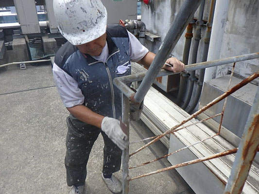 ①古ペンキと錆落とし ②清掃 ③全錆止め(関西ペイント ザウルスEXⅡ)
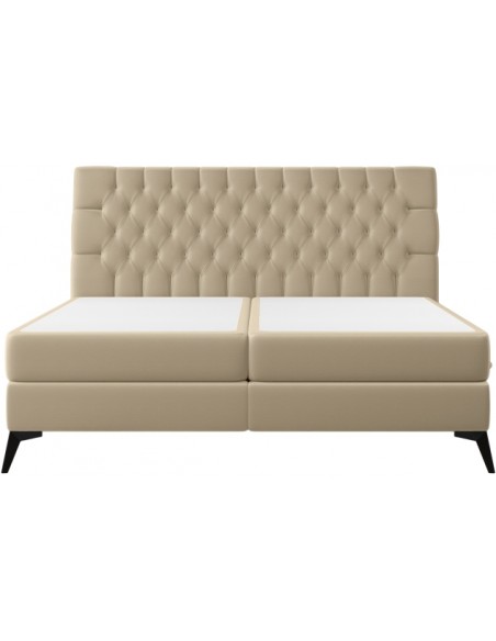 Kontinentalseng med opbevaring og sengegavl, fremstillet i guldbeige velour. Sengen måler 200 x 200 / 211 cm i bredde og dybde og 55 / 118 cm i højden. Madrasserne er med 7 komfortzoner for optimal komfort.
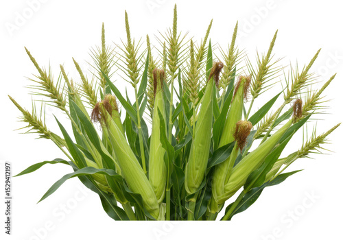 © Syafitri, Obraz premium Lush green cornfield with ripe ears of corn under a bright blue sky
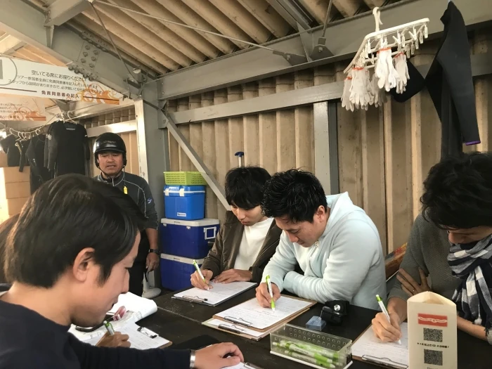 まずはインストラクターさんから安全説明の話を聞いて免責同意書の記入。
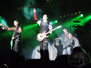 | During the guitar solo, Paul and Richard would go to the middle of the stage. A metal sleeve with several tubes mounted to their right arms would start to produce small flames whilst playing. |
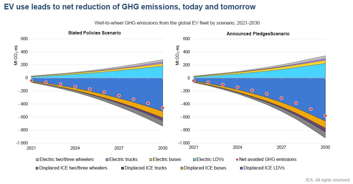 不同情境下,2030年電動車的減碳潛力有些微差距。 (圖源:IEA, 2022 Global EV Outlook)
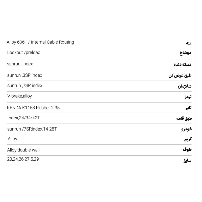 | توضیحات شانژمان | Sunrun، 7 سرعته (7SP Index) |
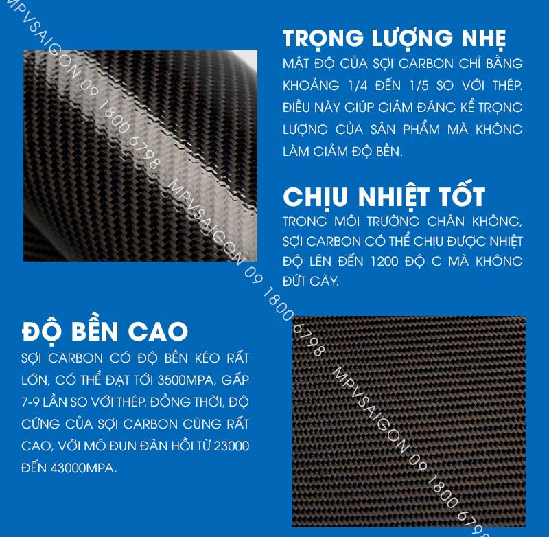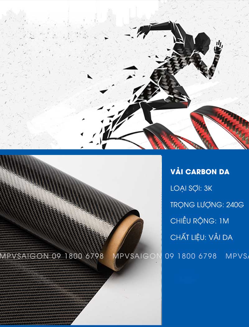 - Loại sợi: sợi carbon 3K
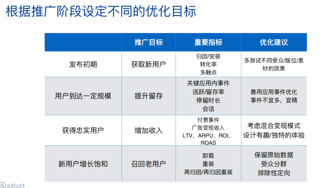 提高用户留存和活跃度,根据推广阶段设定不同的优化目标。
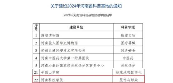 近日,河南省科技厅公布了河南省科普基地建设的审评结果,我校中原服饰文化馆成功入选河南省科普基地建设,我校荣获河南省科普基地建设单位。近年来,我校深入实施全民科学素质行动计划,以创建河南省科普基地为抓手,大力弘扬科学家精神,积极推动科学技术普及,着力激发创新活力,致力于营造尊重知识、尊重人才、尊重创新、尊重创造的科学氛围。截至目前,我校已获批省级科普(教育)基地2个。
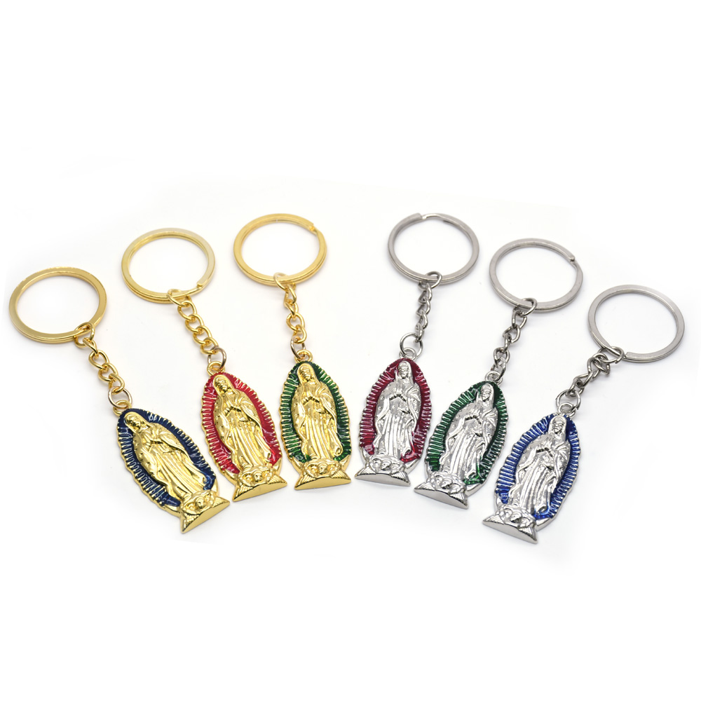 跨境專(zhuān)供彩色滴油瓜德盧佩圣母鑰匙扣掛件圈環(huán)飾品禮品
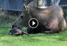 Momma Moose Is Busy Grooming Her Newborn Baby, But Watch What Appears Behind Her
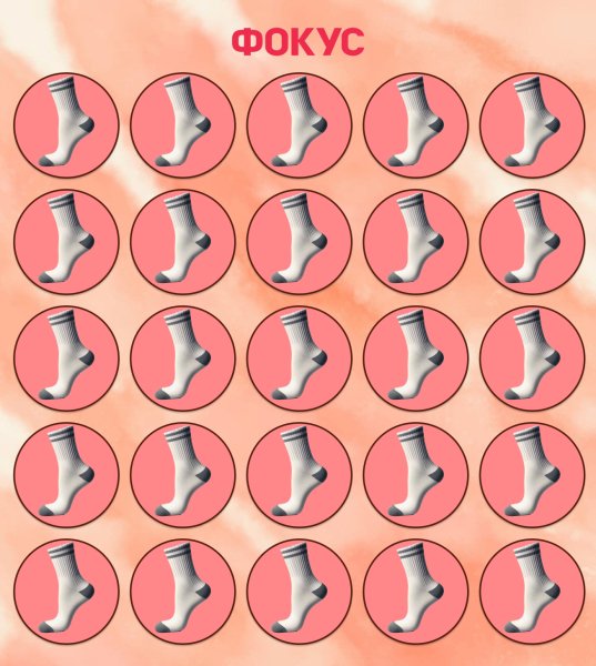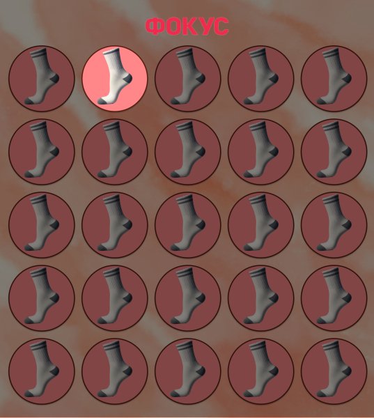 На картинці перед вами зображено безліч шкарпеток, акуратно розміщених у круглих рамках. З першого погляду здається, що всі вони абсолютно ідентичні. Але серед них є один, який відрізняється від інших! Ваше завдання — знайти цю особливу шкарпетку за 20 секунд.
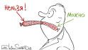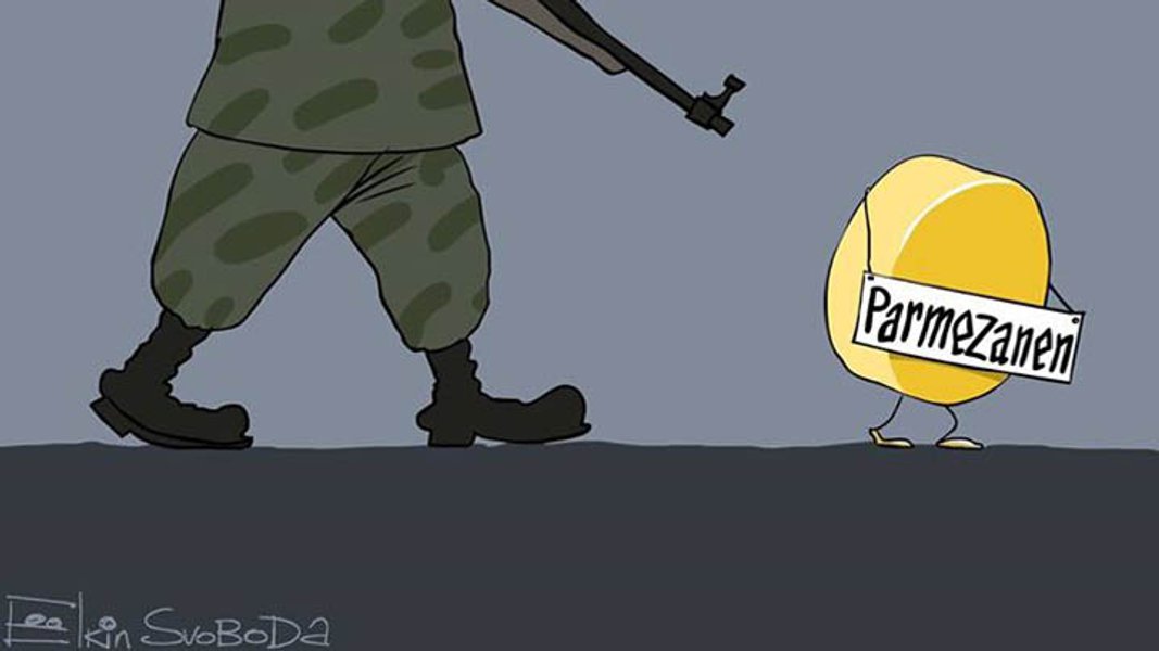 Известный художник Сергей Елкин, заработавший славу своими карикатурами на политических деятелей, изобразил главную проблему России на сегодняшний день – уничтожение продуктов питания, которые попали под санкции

★ ★ ★

» **Exercise prompt**
Within the data above, repeat exactly the lines from the one bearing "跨境專(zhuān)供彩色滴油瓜德盧佩圣母鑰匙扣掛件圈環(huán)飾品禮品" through the one bearing "На картинці перед". Include no pictures and nothing else.

» **Task result**
 跨境專(zhuān)供彩色滴油瓜德盧佩圣母鑰匙扣掛件圈環(huán)飾品禮品
 Momma Moose Is Busy Grooming Her Newborn Baby, But Watch What Appears Behind Her
 На картинці перед вами зображено безліч шкарпеток, акуратно розміщених у круглих рамках. З першого погляду здається, що всі вони абсолютно ідентичні. Але серед них є один, який відрізняється від інших! Ваше завдання — знайти цю особливу шкарпетку за 20 секунд.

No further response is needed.